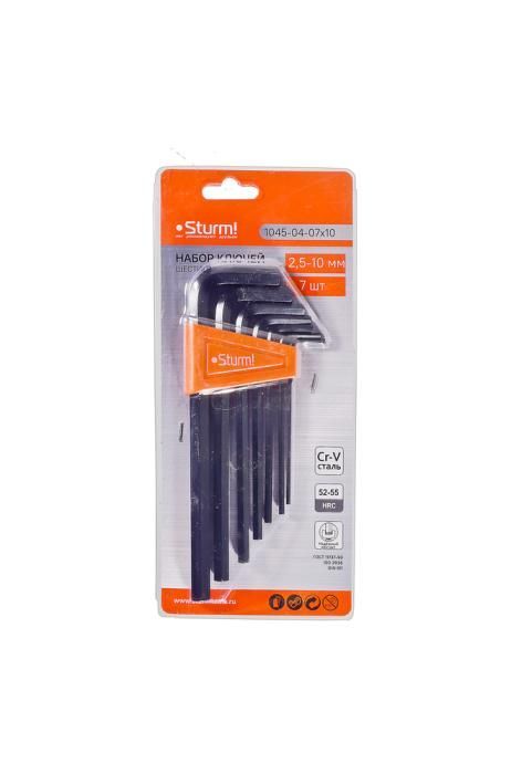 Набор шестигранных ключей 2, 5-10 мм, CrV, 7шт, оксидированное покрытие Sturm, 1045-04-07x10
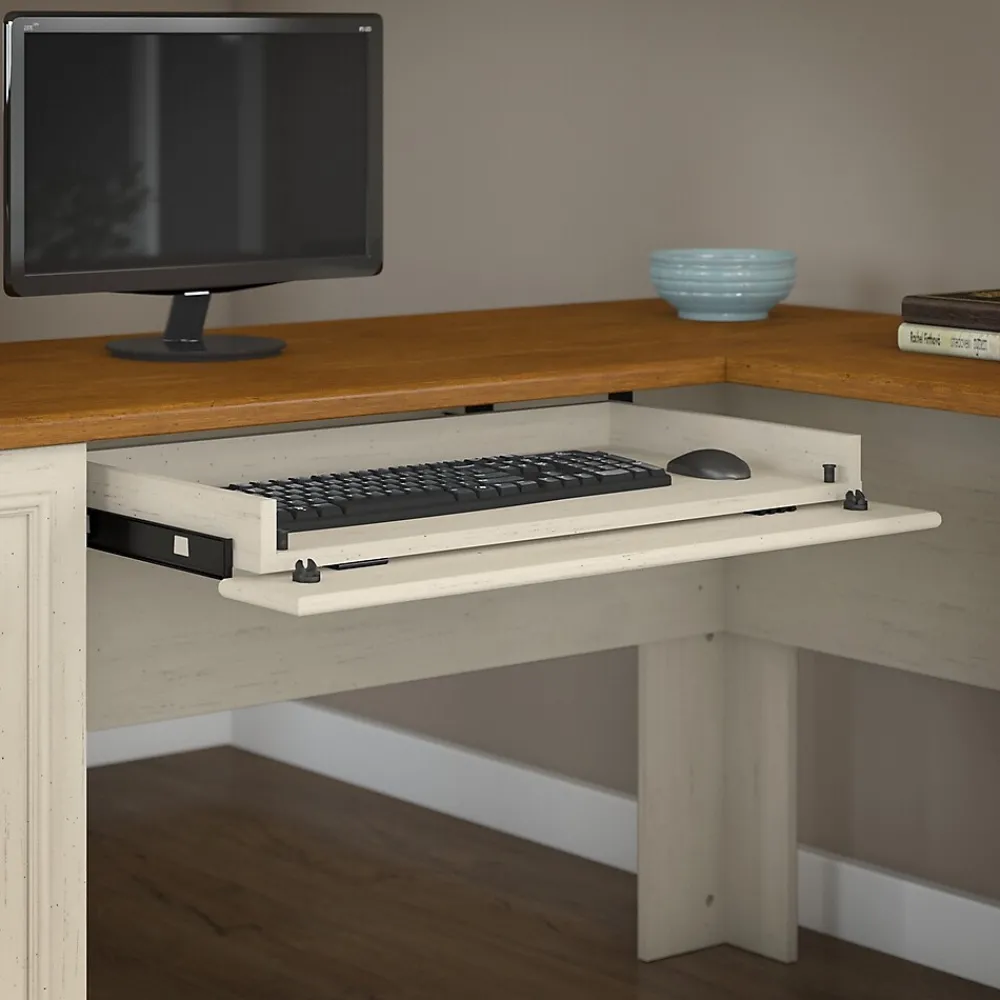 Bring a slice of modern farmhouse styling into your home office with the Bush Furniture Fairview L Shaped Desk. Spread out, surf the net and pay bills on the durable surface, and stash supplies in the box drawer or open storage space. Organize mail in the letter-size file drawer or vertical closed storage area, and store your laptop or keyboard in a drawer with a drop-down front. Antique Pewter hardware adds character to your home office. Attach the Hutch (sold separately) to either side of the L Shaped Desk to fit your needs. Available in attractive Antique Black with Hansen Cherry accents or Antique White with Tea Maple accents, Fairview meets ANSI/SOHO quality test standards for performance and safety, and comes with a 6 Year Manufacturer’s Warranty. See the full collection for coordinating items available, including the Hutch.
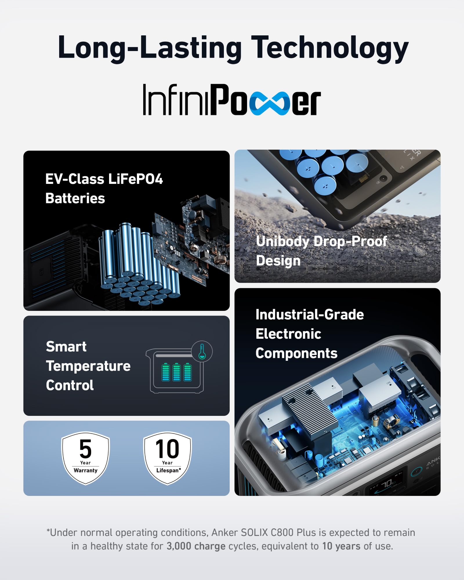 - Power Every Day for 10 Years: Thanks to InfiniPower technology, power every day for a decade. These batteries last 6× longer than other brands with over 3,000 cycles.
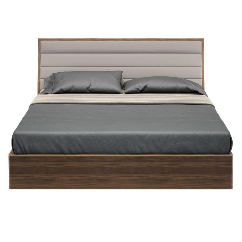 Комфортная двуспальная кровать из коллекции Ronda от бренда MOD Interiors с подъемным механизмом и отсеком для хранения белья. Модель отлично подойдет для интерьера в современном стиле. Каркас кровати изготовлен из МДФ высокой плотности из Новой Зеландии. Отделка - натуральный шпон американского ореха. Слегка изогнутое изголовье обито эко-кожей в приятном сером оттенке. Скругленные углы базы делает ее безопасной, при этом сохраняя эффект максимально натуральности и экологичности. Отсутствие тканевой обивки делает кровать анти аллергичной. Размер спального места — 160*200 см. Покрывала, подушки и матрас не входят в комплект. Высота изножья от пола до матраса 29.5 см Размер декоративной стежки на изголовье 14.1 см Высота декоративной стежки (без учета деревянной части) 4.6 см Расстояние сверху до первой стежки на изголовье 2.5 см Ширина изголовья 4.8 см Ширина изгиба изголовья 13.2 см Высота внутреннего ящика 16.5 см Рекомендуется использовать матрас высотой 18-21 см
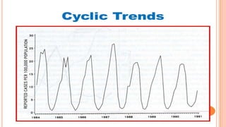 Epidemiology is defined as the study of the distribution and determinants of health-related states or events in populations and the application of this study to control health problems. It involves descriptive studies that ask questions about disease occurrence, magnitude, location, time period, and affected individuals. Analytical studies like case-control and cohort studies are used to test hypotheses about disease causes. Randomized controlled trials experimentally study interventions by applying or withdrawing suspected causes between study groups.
****
→ Exercise aim
Pictures aside, write out verbatim every line from the first line of the material through the line holding "- Power Every".

→ Response to this task
 Набор шестигранных ключей 2, 5-10 мм, CrV, 7шт, оксидированное покрытие Sturm, 1045-04-07x10
 Bring a slice of modern farmhouse styling into your home office with the Bush Furniture Fairview L Shaped Desk. Spread out, surf the net and pay bills on the durable surface, and stash supplies in the box drawer or open storage space. Organize mail in the letter-size file drawer or vertical closed storage area, and store your laptop or keyboard in a drawer with a drop-down front. Antique Pewter hardware adds character to your home office. Attach the Hutch (sold separately) to either side of the L Shaped Desk to fit your needs. Available in attractive Antique Black with Hansen Cherry accents or Antique White with Tea Maple accents, Fairview meets ANSI/SOHO quality test standards for performance and safety, and comes with a 6 Year Manufacturer’s Warranty. See the full collection for coordinating items available, including the Hutch.
 - Power Every Day for 10 Years: Thanks to InfiniPower technology, power every day for a decade. These batteries last 6× longer than other brands with over 3,000 cycles.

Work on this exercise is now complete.